» **REQUIRED WORK**
Go to the line holding "Khana Eidel Klein" in the data below and repeat it exactly, then each line after it up to and including the one holding "Photograph of a". Omit pictures.

» **MATERIAL FOR THIS TASK**

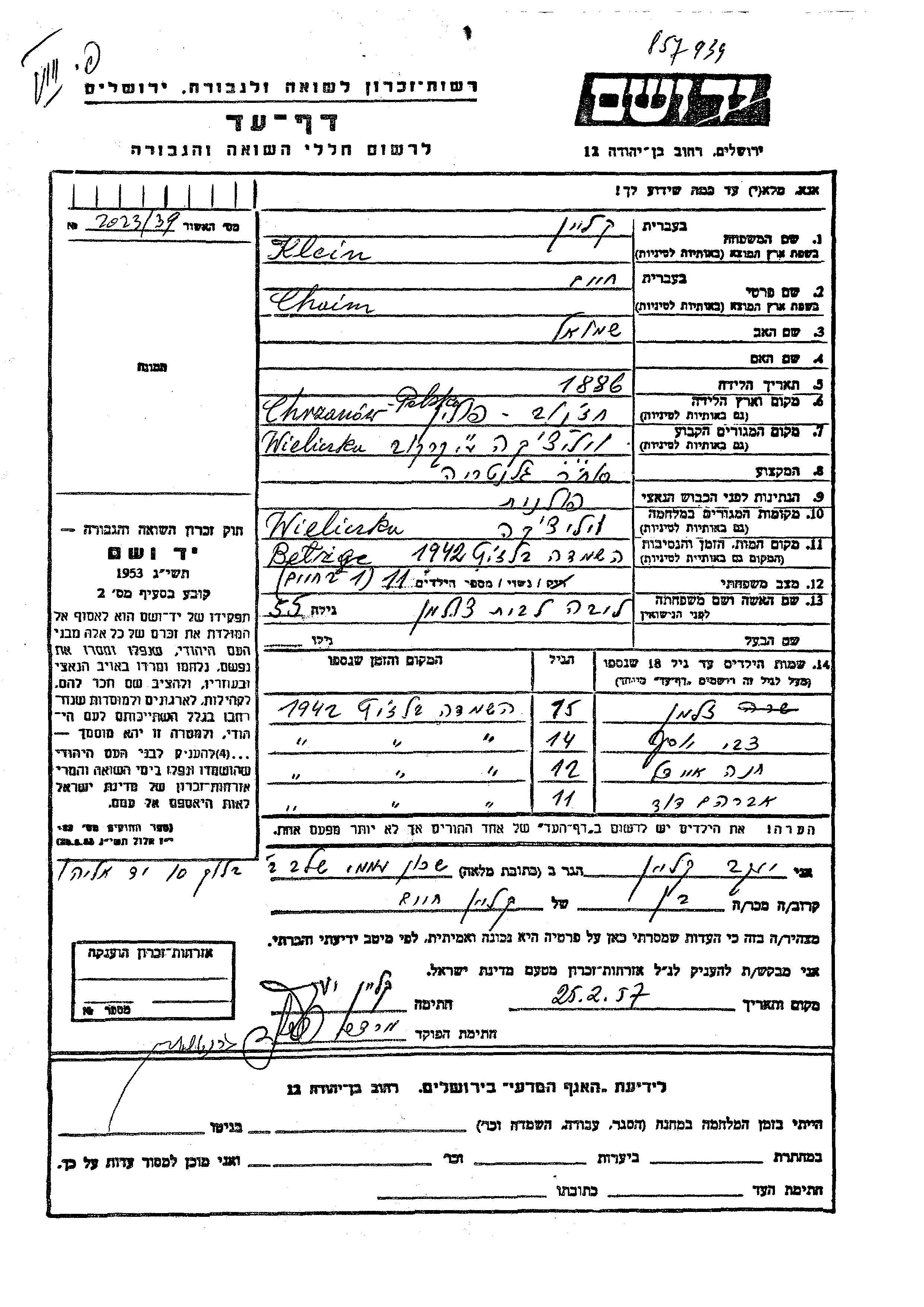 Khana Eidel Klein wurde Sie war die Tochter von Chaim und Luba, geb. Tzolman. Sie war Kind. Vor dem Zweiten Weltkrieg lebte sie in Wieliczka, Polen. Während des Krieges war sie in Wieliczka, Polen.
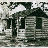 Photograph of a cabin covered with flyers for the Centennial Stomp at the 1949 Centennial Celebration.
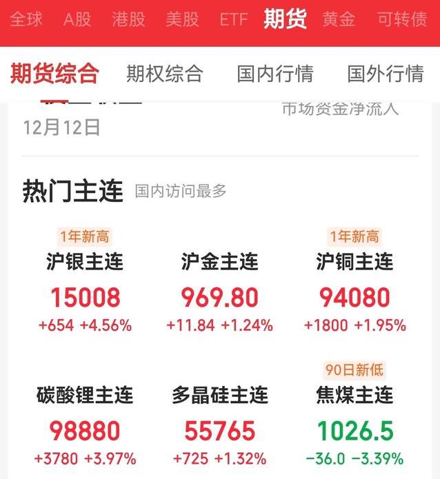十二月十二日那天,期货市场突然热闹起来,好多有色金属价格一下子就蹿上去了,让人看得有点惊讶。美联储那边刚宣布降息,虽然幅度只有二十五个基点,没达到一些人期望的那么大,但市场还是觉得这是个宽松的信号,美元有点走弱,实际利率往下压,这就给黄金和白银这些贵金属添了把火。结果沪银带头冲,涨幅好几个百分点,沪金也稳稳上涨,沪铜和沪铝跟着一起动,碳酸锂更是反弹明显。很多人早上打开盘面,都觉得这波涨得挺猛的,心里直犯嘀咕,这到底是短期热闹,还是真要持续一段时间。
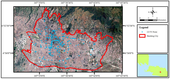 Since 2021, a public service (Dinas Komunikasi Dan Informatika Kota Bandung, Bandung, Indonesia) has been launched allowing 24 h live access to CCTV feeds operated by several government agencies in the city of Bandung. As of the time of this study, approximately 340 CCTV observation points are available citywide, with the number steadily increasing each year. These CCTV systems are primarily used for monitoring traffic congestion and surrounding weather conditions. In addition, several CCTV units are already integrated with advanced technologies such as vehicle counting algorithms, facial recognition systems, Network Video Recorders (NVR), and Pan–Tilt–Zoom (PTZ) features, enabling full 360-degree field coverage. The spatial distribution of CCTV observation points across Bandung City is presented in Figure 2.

--

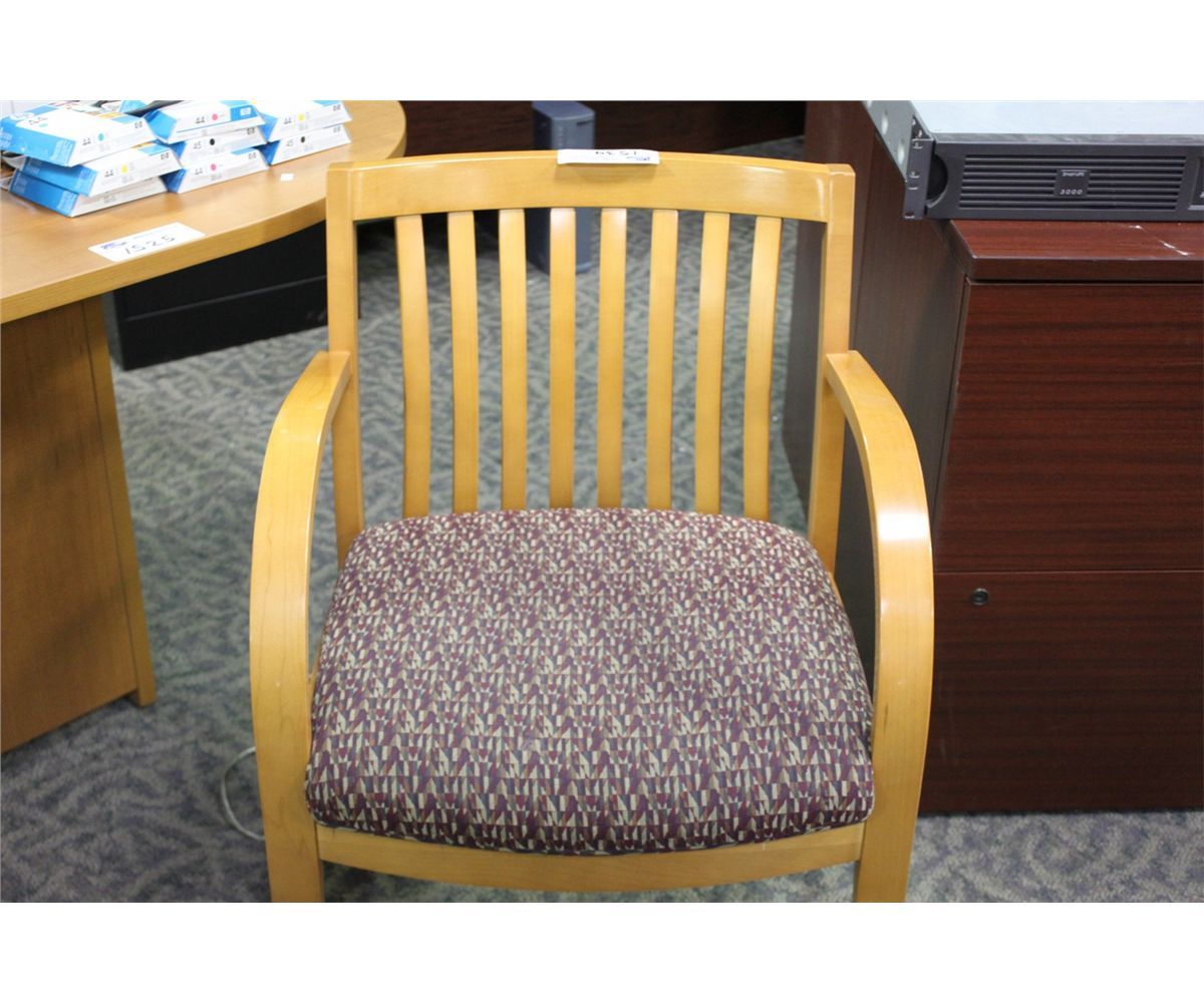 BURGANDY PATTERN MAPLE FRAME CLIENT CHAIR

» **COMPLETED TASK**
 Khana Eidel Klein wurde Sie war die Tochter von Chaim und Luba, geb. Tzolman. Sie war Kind. Vor dem Zweiten Weltkrieg lebte sie in Wieliczka, Polen. Während des Krieges war sie in Wieliczka, Polen.
 Photograph of a cabin covered with flyers for the Centennial Stomp at the 1949 Centennial Celebration.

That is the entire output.